Star staffing numbers: not so bad

Dateline: Tue 22 Jul 2008

If newspapers are exclusively a numbers game, perhaps the Star comes close to being able to do the sort of deep public reporting new publisher Michael Kane is calling for. Kane made his wishes known via exec editor Dennis Ryerson's Sunday column: "Star needs to dig deeper into critical issues."

The industry standard historically has been to have one reporter for every 1,000 newspapers in daily circulation, according to blogger Allan Mutter, who writes "Reflections of a Newsosauer."

The Star circulation figures were published here a few months back, courtesy of the national Audit of Bureau Circulations latest 2006 figures: 258,947 daily average, 348,133 on Sunday and 231,985 for Saturday.

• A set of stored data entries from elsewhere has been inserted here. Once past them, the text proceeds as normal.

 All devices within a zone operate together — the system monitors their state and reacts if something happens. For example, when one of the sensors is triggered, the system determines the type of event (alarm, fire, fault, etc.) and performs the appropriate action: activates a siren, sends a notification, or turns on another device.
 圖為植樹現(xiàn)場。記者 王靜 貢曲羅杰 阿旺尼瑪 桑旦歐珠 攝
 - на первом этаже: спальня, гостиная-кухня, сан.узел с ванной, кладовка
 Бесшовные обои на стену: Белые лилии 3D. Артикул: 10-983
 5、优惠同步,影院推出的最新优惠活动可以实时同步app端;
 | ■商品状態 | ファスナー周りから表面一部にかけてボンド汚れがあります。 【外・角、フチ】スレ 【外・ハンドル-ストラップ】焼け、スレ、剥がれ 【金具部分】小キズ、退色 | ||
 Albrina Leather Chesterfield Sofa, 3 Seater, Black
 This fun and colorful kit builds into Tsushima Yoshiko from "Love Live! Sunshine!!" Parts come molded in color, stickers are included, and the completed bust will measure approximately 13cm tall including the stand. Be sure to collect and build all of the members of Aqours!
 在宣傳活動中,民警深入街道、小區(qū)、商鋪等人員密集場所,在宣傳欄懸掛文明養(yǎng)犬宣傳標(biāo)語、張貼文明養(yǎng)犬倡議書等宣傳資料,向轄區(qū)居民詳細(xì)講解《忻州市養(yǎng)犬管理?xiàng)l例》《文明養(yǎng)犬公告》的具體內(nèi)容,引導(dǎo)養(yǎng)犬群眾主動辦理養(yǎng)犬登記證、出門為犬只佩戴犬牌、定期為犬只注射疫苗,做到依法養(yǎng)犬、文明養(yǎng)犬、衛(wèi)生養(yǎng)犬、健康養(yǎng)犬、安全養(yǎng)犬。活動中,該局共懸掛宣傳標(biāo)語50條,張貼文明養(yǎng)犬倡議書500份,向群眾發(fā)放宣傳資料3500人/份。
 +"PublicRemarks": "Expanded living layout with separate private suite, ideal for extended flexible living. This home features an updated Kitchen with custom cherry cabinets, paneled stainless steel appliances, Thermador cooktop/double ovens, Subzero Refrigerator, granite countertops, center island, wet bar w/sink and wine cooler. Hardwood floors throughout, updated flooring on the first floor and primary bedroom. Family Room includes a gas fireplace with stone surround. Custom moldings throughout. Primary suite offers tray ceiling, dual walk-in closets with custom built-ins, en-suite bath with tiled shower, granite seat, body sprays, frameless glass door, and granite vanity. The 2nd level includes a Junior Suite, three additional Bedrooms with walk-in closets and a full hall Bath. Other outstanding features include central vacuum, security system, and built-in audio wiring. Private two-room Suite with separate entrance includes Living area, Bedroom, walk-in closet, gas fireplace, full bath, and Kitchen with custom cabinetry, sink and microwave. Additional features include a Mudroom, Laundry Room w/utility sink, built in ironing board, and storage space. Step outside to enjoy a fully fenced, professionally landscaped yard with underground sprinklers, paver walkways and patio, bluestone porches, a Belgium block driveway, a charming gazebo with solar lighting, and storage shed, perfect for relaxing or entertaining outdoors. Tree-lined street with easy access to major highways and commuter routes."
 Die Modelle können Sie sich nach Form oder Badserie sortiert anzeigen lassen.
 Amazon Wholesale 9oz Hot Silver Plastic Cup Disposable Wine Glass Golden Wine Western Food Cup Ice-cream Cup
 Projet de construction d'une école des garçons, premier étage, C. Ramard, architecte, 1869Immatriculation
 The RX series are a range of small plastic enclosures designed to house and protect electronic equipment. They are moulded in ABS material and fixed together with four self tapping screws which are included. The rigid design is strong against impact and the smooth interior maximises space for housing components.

According to a newsroom source, there are about 200 employees in the newsroom, not counting top editors. This figure includes all those who work in various jobs in the various bureaus, magazines and special features such as -- reporters, designers, copy editors, photographers, etc.

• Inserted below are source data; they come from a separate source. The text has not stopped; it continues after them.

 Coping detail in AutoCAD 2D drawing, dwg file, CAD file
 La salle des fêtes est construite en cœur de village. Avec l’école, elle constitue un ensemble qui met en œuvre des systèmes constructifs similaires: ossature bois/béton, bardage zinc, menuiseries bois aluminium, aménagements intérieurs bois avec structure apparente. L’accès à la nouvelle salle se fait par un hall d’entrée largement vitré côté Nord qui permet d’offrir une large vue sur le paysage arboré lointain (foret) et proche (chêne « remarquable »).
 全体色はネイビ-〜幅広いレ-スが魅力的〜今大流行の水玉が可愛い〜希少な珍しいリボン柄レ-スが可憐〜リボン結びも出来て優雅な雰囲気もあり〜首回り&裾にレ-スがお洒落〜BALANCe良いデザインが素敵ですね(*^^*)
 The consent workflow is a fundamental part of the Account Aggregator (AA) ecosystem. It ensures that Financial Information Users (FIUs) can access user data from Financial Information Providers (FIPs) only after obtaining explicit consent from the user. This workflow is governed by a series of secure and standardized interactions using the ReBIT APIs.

Ryerson said he hopes the paper can improve in public reporting, which he calls "this critical area of our work."

A proven theory: retain veteran reporters, and allow them to do their jobs on traditional beats (cops, city hall, neighborhoods, schools, the arts, finance, business). Hire and encourage mavericks -- people who question authority and who refuse to be co-opted. Turn them loose, without a lot of nervous nellie editors and corporate grain-of-sand-counters getting in the way.

That, at least, is the sort of bold effort that once created newspapers that readers wanted to buy. Perhaps what changed is not so much readers as the newspaper execs' uncertainty about what is news (more entry points? more pix of kitties? more news you can use?). People will always want news. Newspapers simply have to return to writing it.

Or, to quote from a motto that once adorned desks in the Star newsroom: "Tell good stories."